INFORMATION START
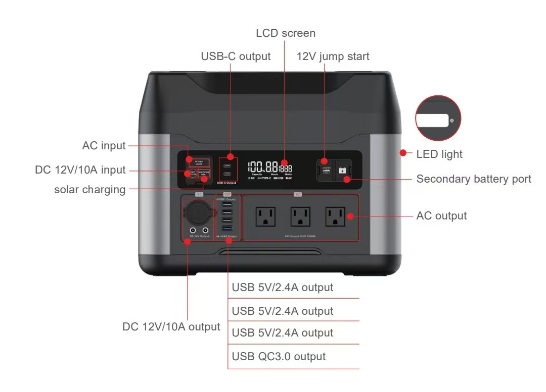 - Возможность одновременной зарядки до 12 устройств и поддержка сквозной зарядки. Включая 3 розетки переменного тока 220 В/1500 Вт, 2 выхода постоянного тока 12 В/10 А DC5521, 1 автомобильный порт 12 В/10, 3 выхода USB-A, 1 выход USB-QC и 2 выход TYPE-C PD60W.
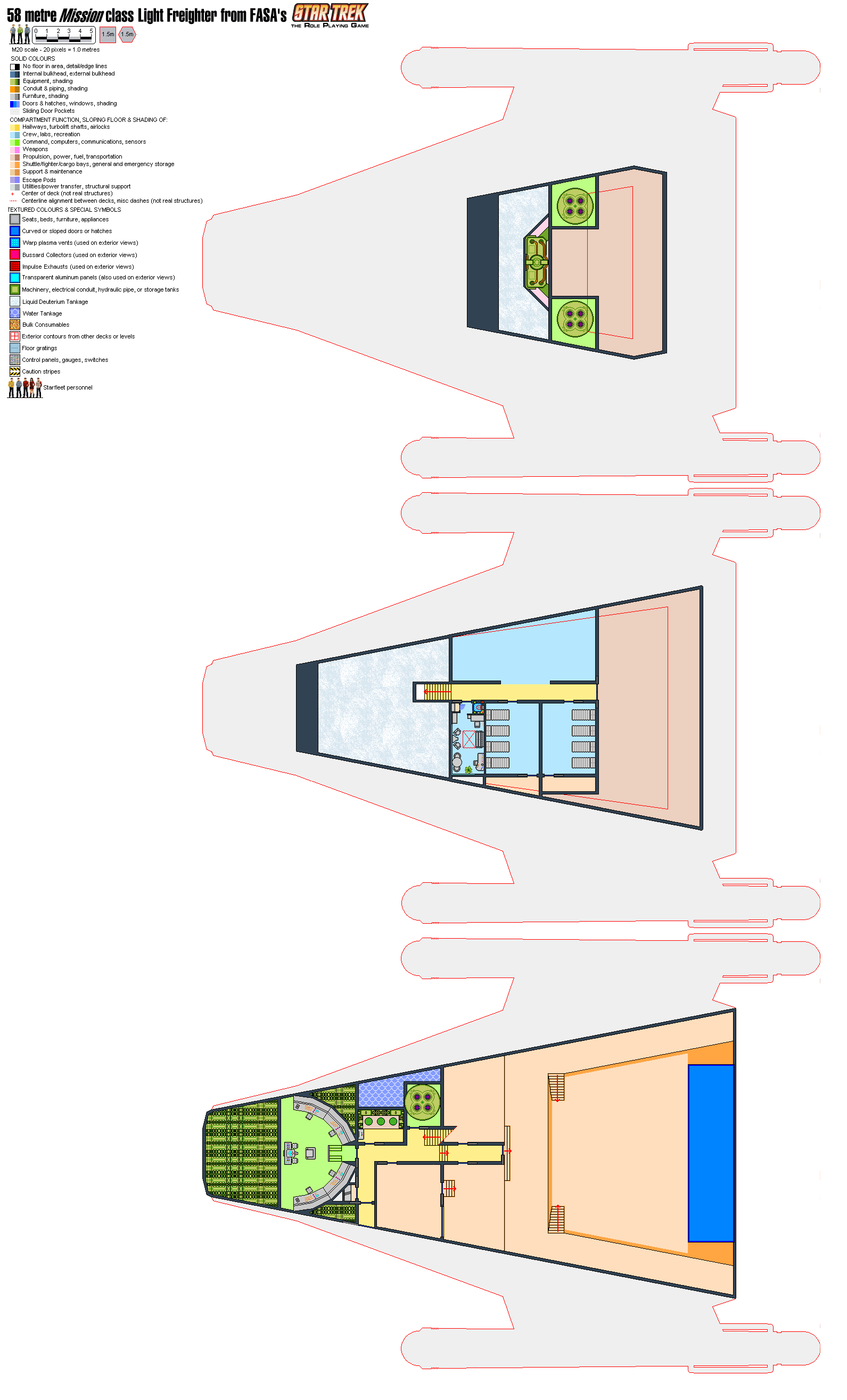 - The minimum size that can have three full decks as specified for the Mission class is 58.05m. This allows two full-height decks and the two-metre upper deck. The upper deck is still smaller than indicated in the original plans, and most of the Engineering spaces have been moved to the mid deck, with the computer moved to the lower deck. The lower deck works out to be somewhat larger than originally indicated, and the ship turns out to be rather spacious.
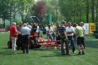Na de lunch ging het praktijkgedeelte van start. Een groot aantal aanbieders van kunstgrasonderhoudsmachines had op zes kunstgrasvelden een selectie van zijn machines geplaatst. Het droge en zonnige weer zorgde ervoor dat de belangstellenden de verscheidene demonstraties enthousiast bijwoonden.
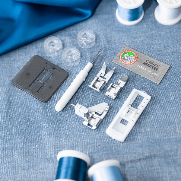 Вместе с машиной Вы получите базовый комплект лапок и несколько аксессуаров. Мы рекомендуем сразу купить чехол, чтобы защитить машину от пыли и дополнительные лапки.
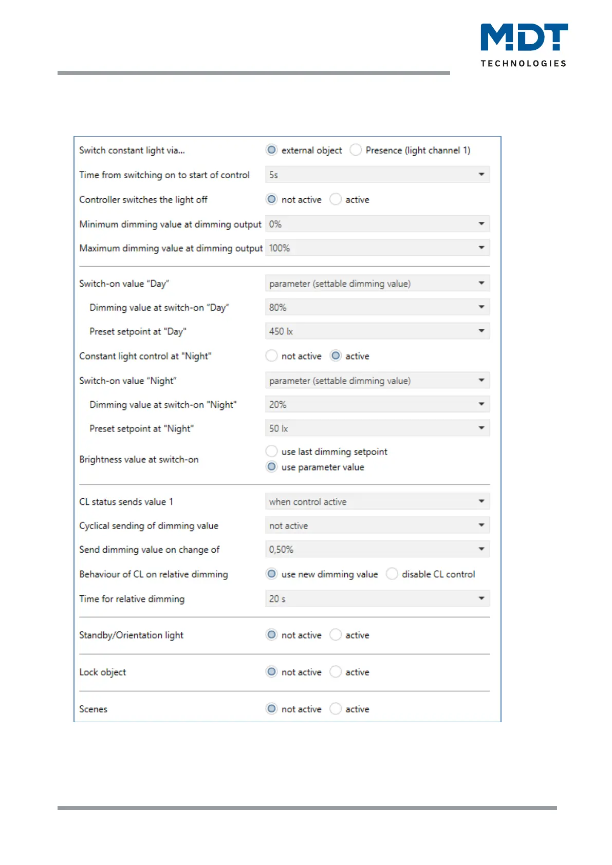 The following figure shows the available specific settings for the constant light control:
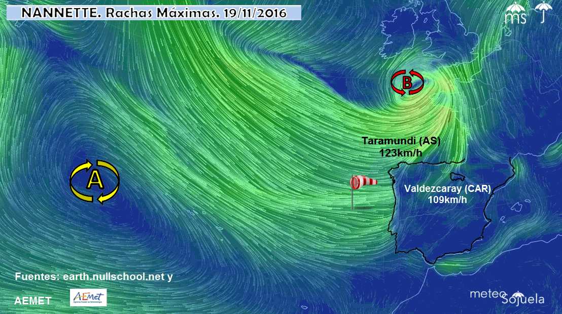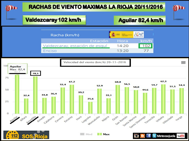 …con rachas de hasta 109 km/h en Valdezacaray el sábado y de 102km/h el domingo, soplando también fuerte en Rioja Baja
INFORMATION END
INFORMATION START
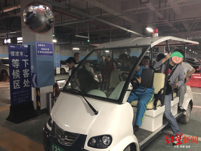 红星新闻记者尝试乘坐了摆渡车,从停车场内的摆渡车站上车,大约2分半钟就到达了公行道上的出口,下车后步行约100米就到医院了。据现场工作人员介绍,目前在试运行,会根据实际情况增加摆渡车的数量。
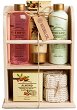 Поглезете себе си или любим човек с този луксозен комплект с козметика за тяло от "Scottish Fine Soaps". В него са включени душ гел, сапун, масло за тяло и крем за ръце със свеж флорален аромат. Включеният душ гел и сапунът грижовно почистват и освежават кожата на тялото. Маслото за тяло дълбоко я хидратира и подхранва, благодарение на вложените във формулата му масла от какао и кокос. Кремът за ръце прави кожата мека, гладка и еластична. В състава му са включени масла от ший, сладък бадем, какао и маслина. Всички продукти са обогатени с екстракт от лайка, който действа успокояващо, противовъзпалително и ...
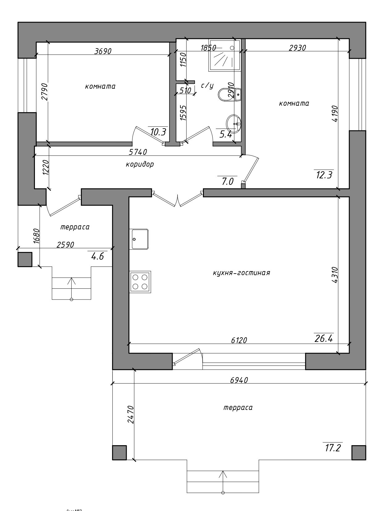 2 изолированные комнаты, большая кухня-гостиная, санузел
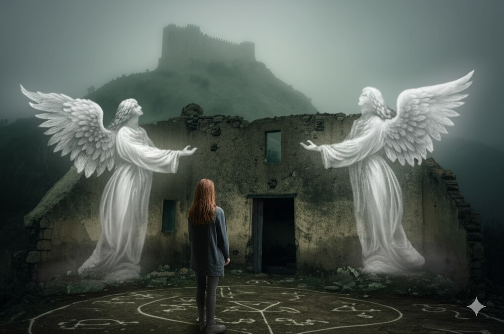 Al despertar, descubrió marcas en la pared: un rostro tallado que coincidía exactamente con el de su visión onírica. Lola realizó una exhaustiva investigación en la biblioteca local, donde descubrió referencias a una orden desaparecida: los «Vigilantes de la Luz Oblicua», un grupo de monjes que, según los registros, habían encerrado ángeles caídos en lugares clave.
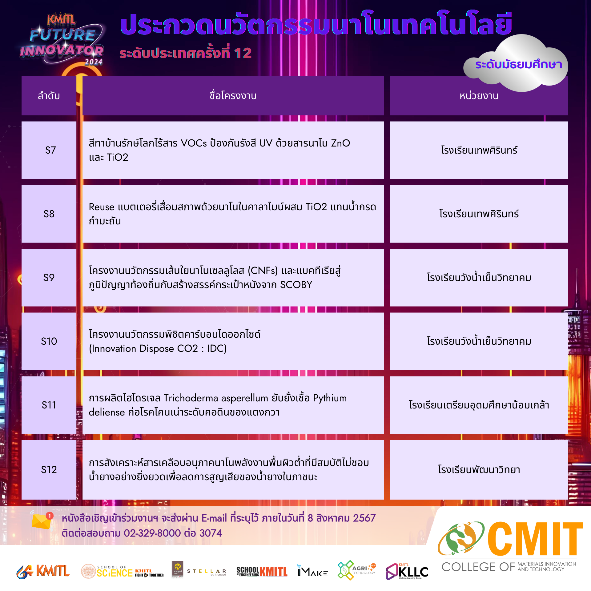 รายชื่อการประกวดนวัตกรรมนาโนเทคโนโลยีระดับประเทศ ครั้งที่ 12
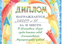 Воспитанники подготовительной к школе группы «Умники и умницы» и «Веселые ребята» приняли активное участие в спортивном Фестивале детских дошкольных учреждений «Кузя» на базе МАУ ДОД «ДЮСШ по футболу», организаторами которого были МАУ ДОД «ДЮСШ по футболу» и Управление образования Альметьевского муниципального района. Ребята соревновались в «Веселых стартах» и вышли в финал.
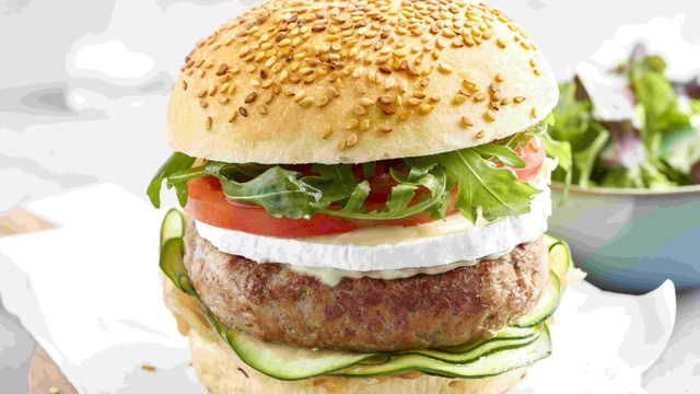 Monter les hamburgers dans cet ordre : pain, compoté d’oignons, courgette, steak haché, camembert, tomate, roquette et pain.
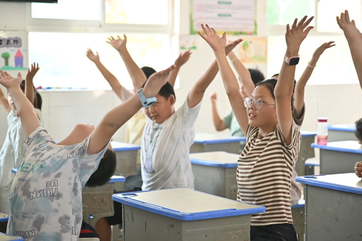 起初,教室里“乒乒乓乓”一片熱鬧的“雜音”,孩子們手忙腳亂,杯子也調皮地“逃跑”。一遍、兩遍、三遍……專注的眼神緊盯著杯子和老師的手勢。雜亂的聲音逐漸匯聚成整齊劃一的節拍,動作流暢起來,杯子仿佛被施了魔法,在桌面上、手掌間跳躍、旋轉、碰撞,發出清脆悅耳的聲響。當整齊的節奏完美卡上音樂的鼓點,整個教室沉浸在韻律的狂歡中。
INFORMATION END
INFORMATION START
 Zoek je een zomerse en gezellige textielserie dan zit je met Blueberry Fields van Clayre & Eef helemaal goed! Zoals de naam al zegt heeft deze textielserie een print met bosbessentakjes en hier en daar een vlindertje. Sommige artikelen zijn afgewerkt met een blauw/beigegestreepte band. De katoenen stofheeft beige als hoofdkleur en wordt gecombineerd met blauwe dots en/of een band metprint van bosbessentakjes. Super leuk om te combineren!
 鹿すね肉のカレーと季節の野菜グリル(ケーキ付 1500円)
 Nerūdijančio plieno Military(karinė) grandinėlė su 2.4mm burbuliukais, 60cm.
INFORMATION END
**TASK**
Using the entries above, give back exactly the line containing "鹿すね肉のカレーと季節の野菜グリル(ケーキ付 1500円)", the line containing "Nerūdijančio plieno Military(karinė)", and every line between them, and nothing else.

**RESPONSE FOR THIS EXERCISE**
 鹿すね肉のカレーと季節の野菜グリル(ケーキ付 1500円)
 Nerūdijančio plieno Military(karinė) grandinėlė su 2.4mm burbuliukais, 60cm.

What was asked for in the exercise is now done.